Demikian juga, dalam urusan Anjlok tempo utang yang Tetap Kondusif. Rata-rata tertimbang Anjlok tempo atau average time to maturity (ATM) utang pemerintah menunjukkan tren penurunan. Setidaknya pada rentang 2016-2020, ATM menunjukkan Nomor di Dasar sembilan tahun. Posisi itu menunjukkan indikator manajemen utang terkelola dengan Bagus.
ATM utang pemerintah pada 2016 di Nomor 9,1 tahun, Lewat 2017 di Nomor 8,7 tahun, kemudian 2018 di Nomor 8,4 tahun, 2019 di Nomor 8,5 tahun, dan pada 2020 di Nomor 8,8 tahun. Data itu menjelaskan manajemen penerbitan, penjualan, dan Anjlok tempo utang pemerintah dijalankan dengan tata kelola yang Bagus.
Jadi, meningkatnya utang pemerintah Kagak perlu direspons secara berlebihan, apalagi panik.

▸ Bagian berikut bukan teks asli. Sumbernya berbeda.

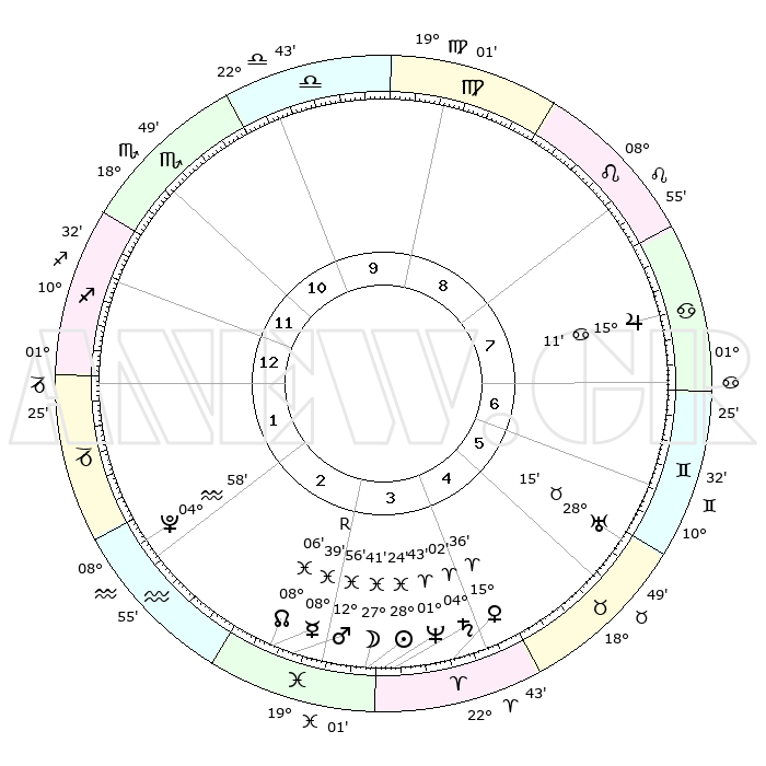 | | ΘΕΣΕΙΣ ΠΛΑΝΗΤΩΝ ΑΣΤΡΟΛΟΓΙΚΟΥ ΧΑΡΤΗ ΤΗΣ ΣΤΙΓΜΗΣ ΑΥΤΗΣ | | | | Πλανήτης | Ζώδιο | Μοίρες | Δεκαήμ. | Σε οίκο | Απόκλιση | | Ακμές των οίκων | | Ηλιος | Ιχθείς | 28°20' | Τρίτο | 4 | 00 S 40 | | 1ος | 11°04' | Τοξότης | | Σελήνη | Ιχθείς | 26°47' | Τρίτο | 3 | 00 N 12 | | 2ος | 13°59' | Αιγόκερως | | Ερμής | Ιχθείς | 08°40'R | Πρώτο | 3 | 06 S 58 | | 3ος | 21°33' | Υδροχόος | | Αφροδίτη | Κριός | 15°31' | Δεύτερο | 4 | 05 N 15 | | 4ος | 27°30' | Ιχθείς | | Αρης | Ιχθείς | 12°53' | Δεύτερο | 3 | 07 S 43 | | 5ος | 26°57' | Κριός | | Δίας | Καρκίνος | 15°11' | Δεύτερο | 8 | 22 N 56 | | 6ος | 20°33' | Ταύρος | | Κρόνος | Κριός | 04°02' | Πρώτο | 4 | 00 S 21 | | 7ος | 11°04' | Δίδυμοι | | Ουρανός | Ταύρος | 28°15' | Τρίτο | 6 | 19 N 36 | | 8ος | 13°59' | Καρκίνος | | Ποσειδώνας | Κριός | 01°43' | Πρώτο | 4 | 00 S 31 | | 9ος | 21°33' | Λέων | | Πλούτωνας | Υδροχόος | 04°58' | Πρώτο | 2 | 22 S 49 | | 10ος | 27°30' | Παρθένος | | Β. Δεσμός | Ιχθείς | 08°06' | Πρώτο | 3 | 08 S 32 | | 11ος | 26°57' | Ζυγός | | Ωροσκόπος | Τοξότης | 11°04' | Δεύτερο | | | 12ος | 20°33' | Σκορπιός | | Μεσουράνημα | Παρθένος | 27°30' | Τρίτο | | | |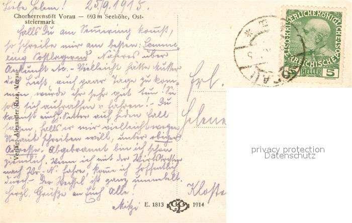43538521 alte Postkarte Vorau Chorherrenstift postalisch gelaufen Erhaltung siehe scans [PaolaD17] KatCode: 11390224060745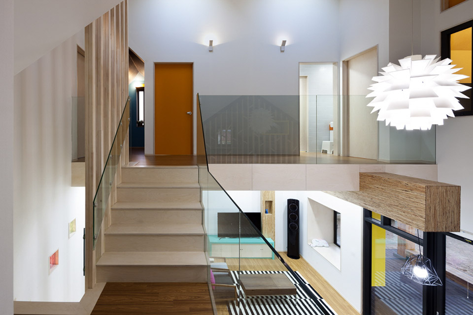兒童房,衛生間,主臥室和工作室位于二樓。工作室面對院子,一邊讓家長在工作室也能注意到在外玩耍的孩子。整個房屋以孩子為核心進行設計,創造出有趣關聯還有互動的室內外空間。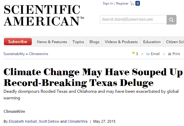 I seem to recall just a couple years ago Texas was in permanent drought. Whatever the weather is, they’ll look at you with a straight face and cherrypick that as evidence of “climate change.” It doesn’t matter that present conditions and predictions be diametrically opposite of and contradict previous conditions and predictions. Not at all. Drought, floods, whatever, the scamsters depend on the stupidity, short attention spans (or amnesia) of a gullible public, willing press and government officials to believe, and to keep carrying the Big Lie forward.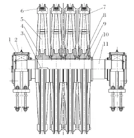 大部分天輪裝置為普通天輪結(jié)構(gòu),主要由軸承座、兩端軸承、天輪軸、游動(dòng)輪、固定輪、軸瓦、襯墊和卡箍等組成,如圖1所示。其中,左端輪子為固定輪,與天輪軸靠平鍵聯(lián)接;右側(cè) 3 個(gè)輪子為游動(dòng)輪,游動(dòng)輪與天輪軸之間有軸瓦,軸瓦與游動(dòng)輪轂之間靠高強(qiáng)度螺栓聯(lián)接;軸瓦內(nèi)部有儲(chǔ)油槽,通過(guò)潤(rùn)滑油脂來(lái)實(shí)現(xiàn)游動(dòng)輪與天輪軸靈活轉(zhuǎn)動(dòng)。當(dāng)每根鋼繩的線速度不完全相同時(shí),游動(dòng)輪與天輪軸之間可自由地相對(duì)轉(zhuǎn)動(dòng),防止鋼絲繩與襯墊之間產(chǎn)生滑動(dòng)摩擦,避免襯墊過(guò)度磨損,起到保護(hù)鋼絲繩的作用。zui 右側(cè)游動(dòng)輪的軸向定位通過(guò)安裝在天輪軸環(huán)形槽內(nèi)的兩半卡箍實(shí)現(xiàn),為了保證各游動(dòng)輪之間的間隙合適 (一般為0.2~0.5 mm),卡箍的厚度根據(jù)安裝實(shí)際情況進(jìn)行單配。該結(jié)構(gòu)的天輪裝置應(yīng)用較為廣泛,技術(shù)成熟。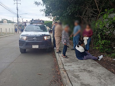 El accidente ocurrió a las 09:15 horas, cuando una femenina se encontraba esperando el microbús, estando parada en la banqueta y al ver que una motocicleta se subía, trató de esquivarla, pero fue imposible y recibió un golpe en pierna y cadera.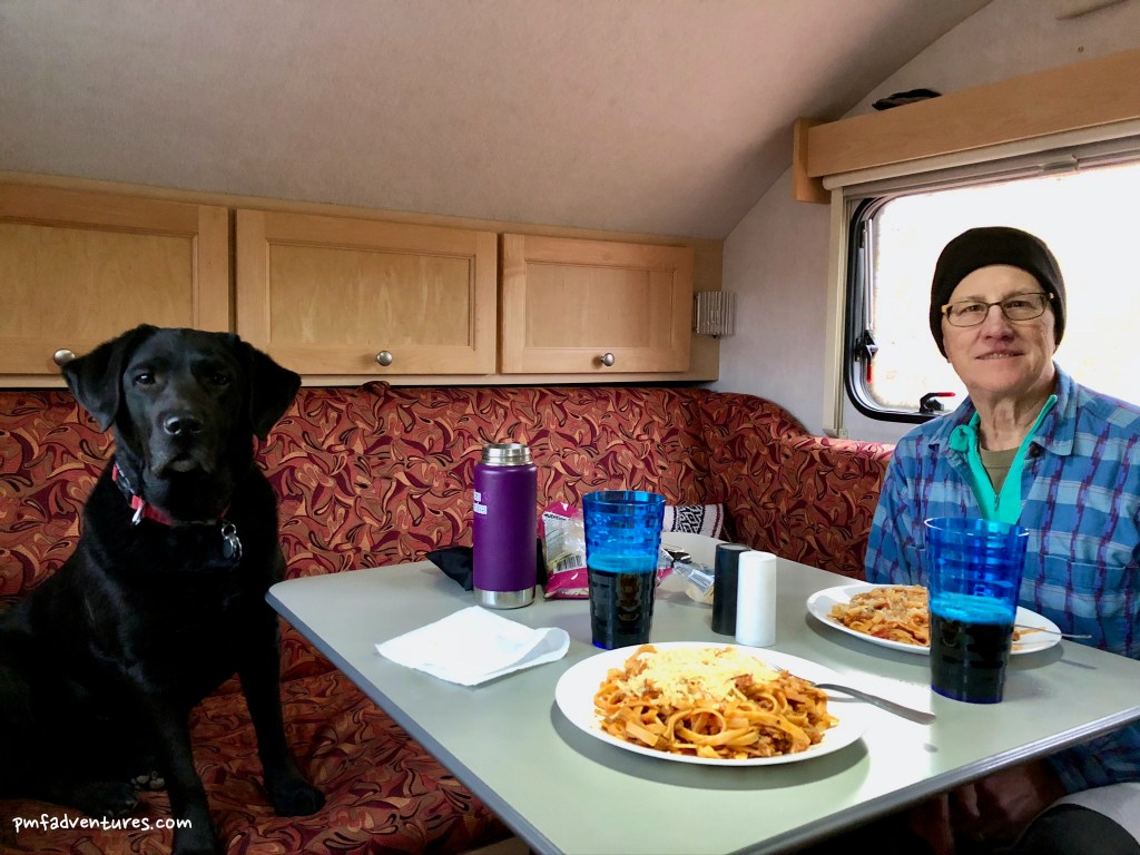 It was windy outside, so we had dinner in the camper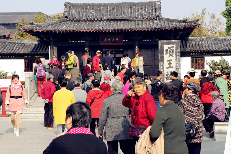 9點(diǎn)左右到達(dá)宿遷項(xiàng)王故里。這里是項(xiàng)羽的出生地,秦朝時(shí)叫梧桐巷?滴跛氖炅⒈詾榧o(jì)念。1935年建英風(fēng)閣和槐安亭。項(xiàng)王故里既有漢代民居特點(diǎn),又有宮殿式建筑風(fēng)格。主體建筑為三進(jìn)院落。前為高大的漢式石闕,象征項(xiàng)羽故居為帝王規(guī)格。中院以英風(fēng)閣為主體,閣內(nèi)為項(xiàng)羽高大塑像。四面墻上嵌著反映項(xiàng)羽生平十二幅浮雕,如項(xiàng)羽舉鼎、吳中起兵、破釜沉舟、巨鹿救趙、鴻門設(shè)宴、垓下突圍等等。英風(fēng)閣前面有霸王鼎,鼎高2.6,直徑1.9。重8噸,鼎上鑄銘文,記敘了項(xiàng)羽不朽的歷史功績(jī),古樸壯觀,氣勢(shì)雄偉。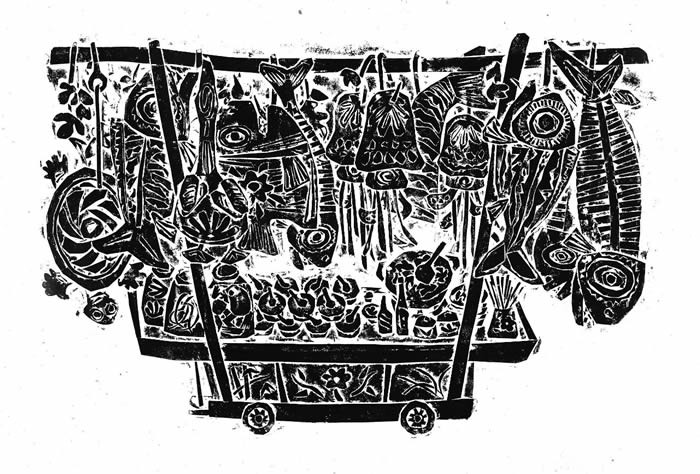 做出选择的杜雄伟全身心投入到版画创作中,在《温泉》(黑白木刻)、《小花场》(套色木刻)、《小食摊》(纸板版画)等佳作正是诞生在这一时期,作品构图饱满,形象简朴大气,富有浓郁的青春气息和对生活的热切之情,时代正在自我矫正,人们的情感因社会的思想解放变得更为丰富,敢于表达也善于表达,个性的觉醒让艺术家可以把更为饱满的情感投注到日常之中,贴近地方现实,图像富有地方特点。作品参加了许多全国性的展览,那个年代,能参加全国美展是很多艺术青年的梦想,因其筛选机制极为严格,也比较公正客观,难度颇大,参展是一种嘉许,也是对创作的肯定,必然是极大的激励。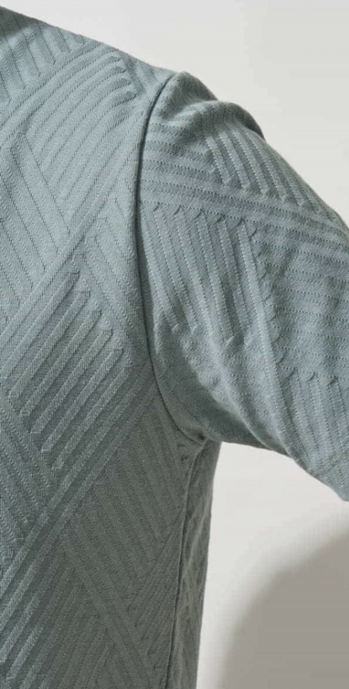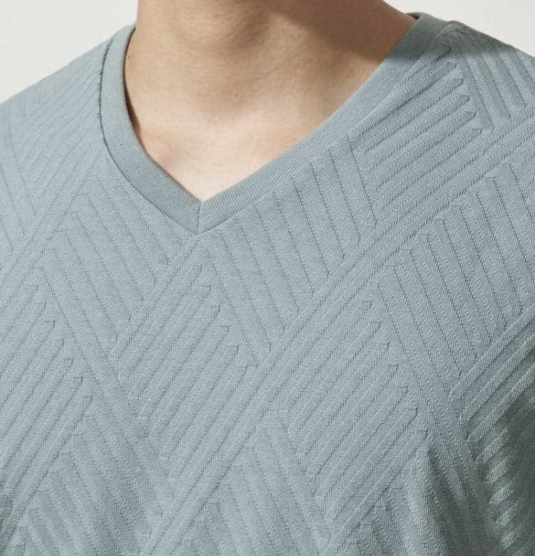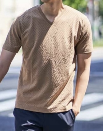 ダイヤ柄を編地で表現したきれいめVネック半袖カットソー。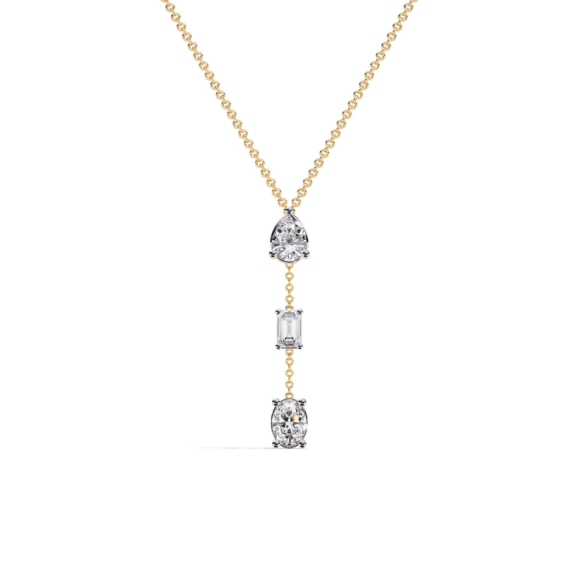 Three lab-grown diamonds - oval, pear, and emerald cuts - aligned in a refined cascading form. Each cut catches light differently, creating a pendant that shifts and sparkles as you move.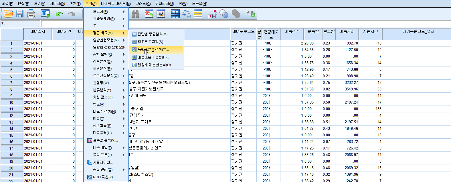오늘은 공공자전거 이용정보(시간대별) 2021년 1월 데이터를 가지고 독립표본 T검정을 해보겠습니다.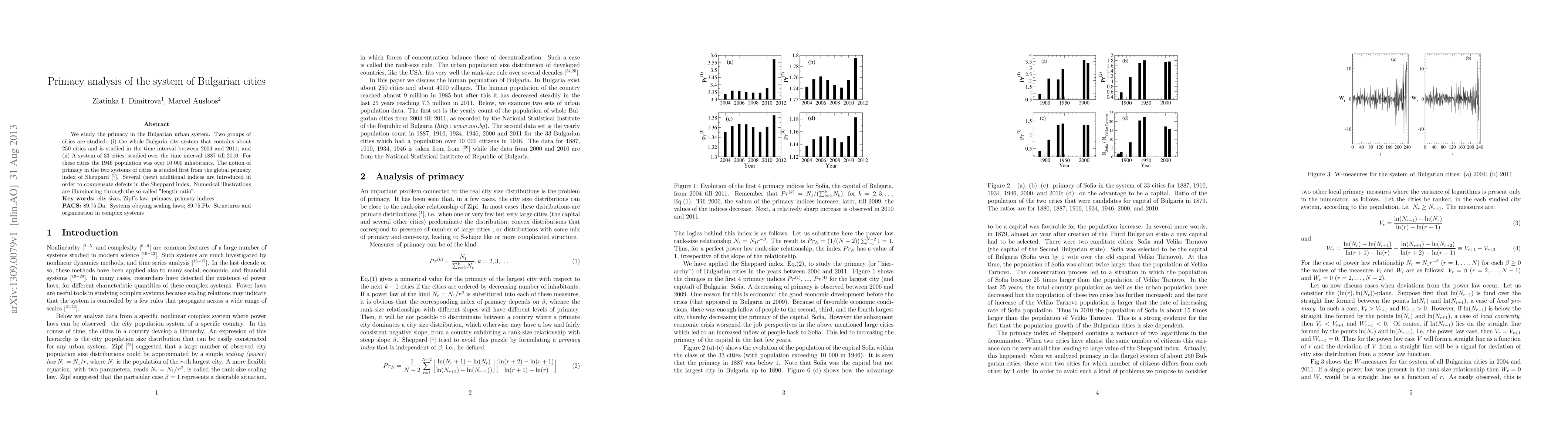 This paper examines the primacy in Bulgaria's urban system, analyzing two city groups over different time intervals. It introduces new indices to address limitations in the global primacy index, providing numerical insights through the "length ratio."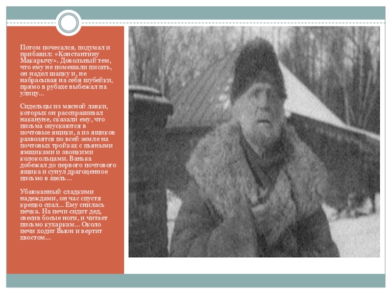 Слайд 10Потом почесался, подумал и прибавил: «Константину Макарычу». Довольный тем, что ему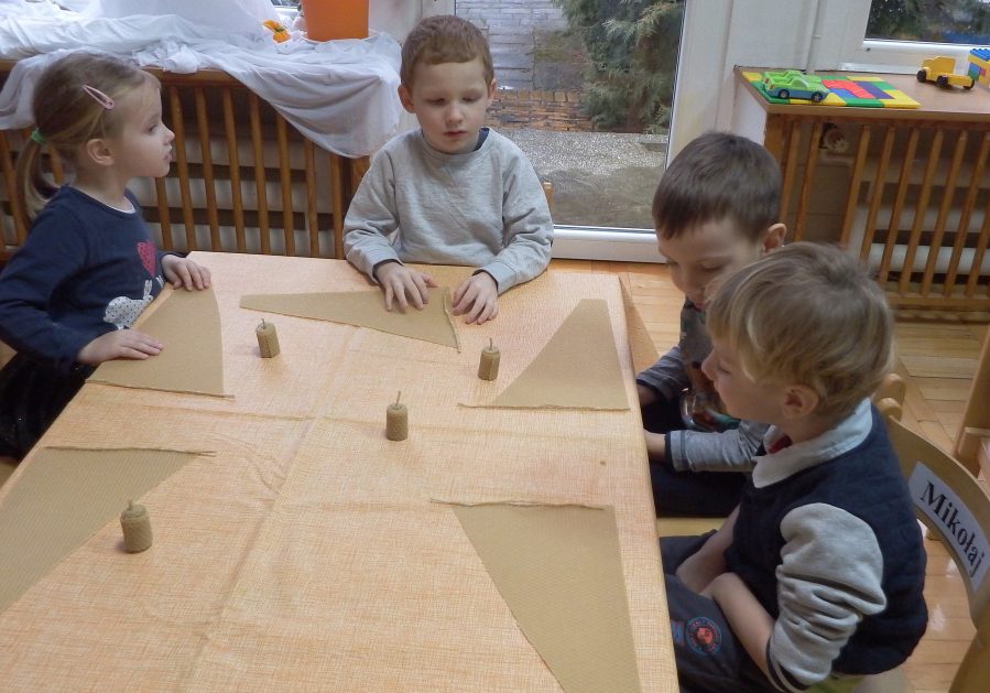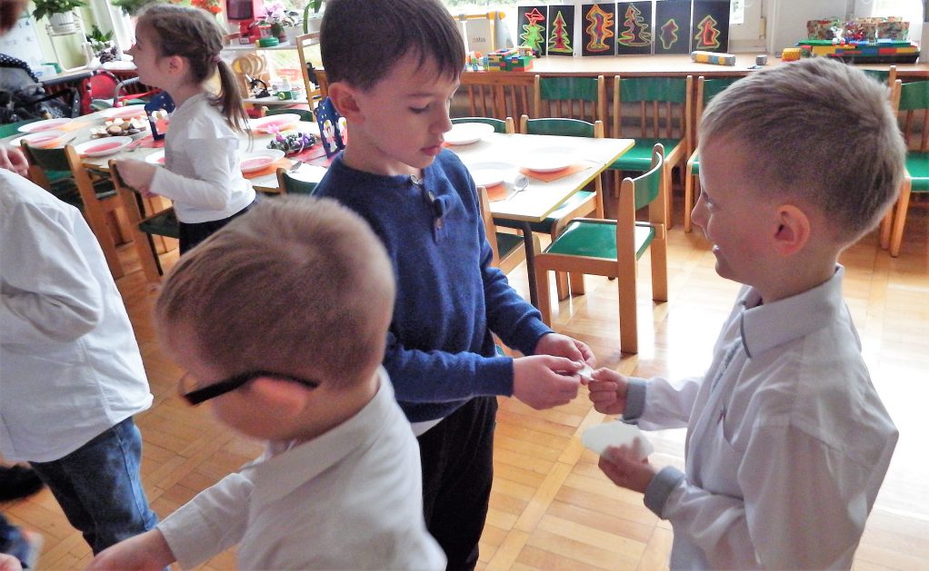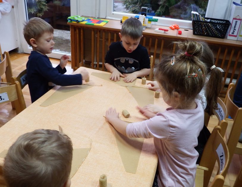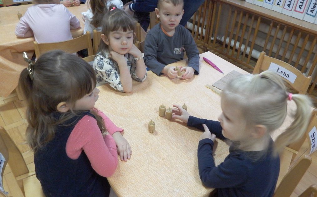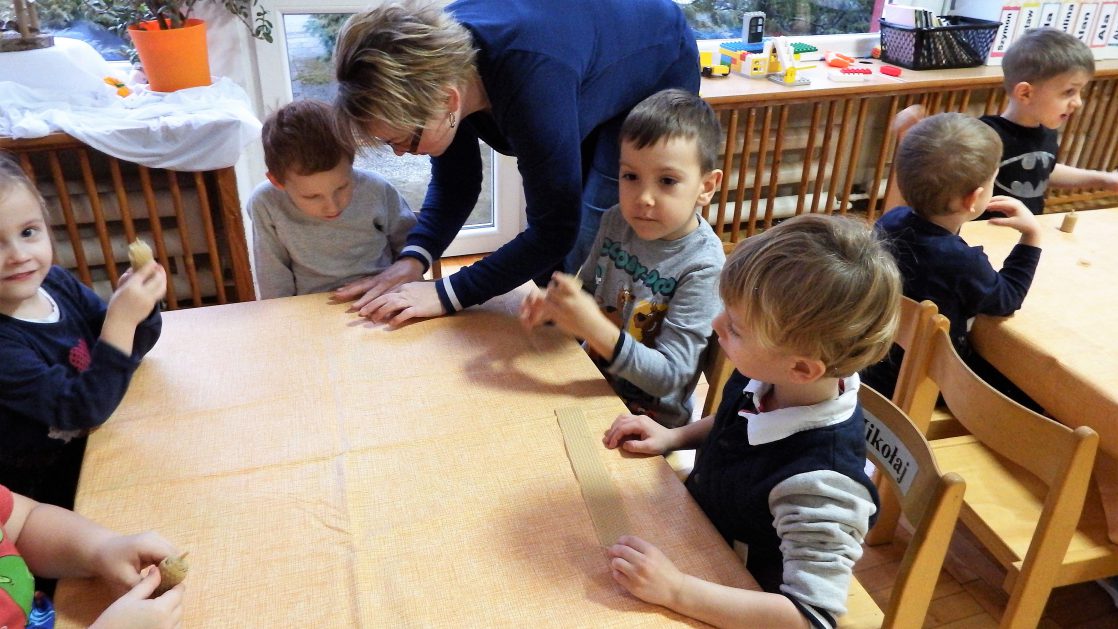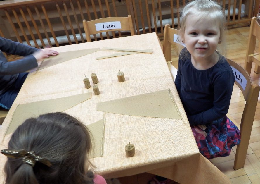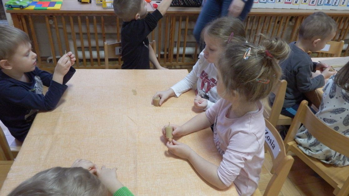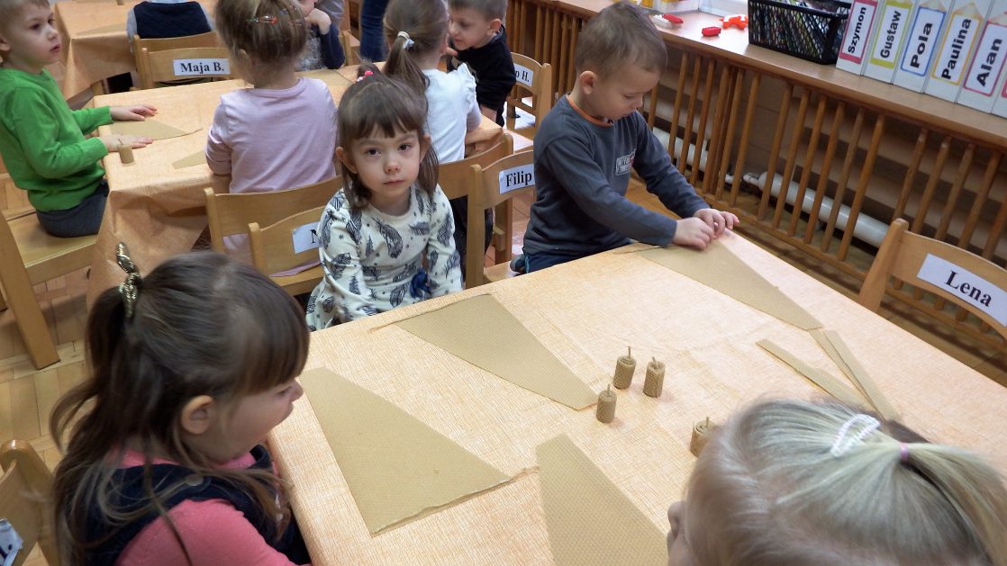 Niedługo Babcię i Dziadka zaprosimy dlatego prezenty dla nich zrobimy. Mama Nadii u nas gościła i jak zrobić świeczki z węzy nauczyła. Ciekawe rzeczy nam opowiedziała, wszystkie składniki pokazała. Krok po kroku każdy z nas zwinął świeczkę pierwszy raz. Wszystkie buzie były uśmiechnięte, że takie ładne wyszły nam prezenty.

Respons berlebihan, apalagi panik dan tuding sana tuding sini, berisiko menurunkan imunitas tubuh. Padahal, dalam situasi penularan virus korona yang Tetap masif seperti sekarang ini, imun yang kuat amat dibutuhkan. Jadi, mulailah menyampaikan segala yang Bagus dengan bijak. Jangan mencemaskan hal-hal yang memang Kagak perlu dicemaskan.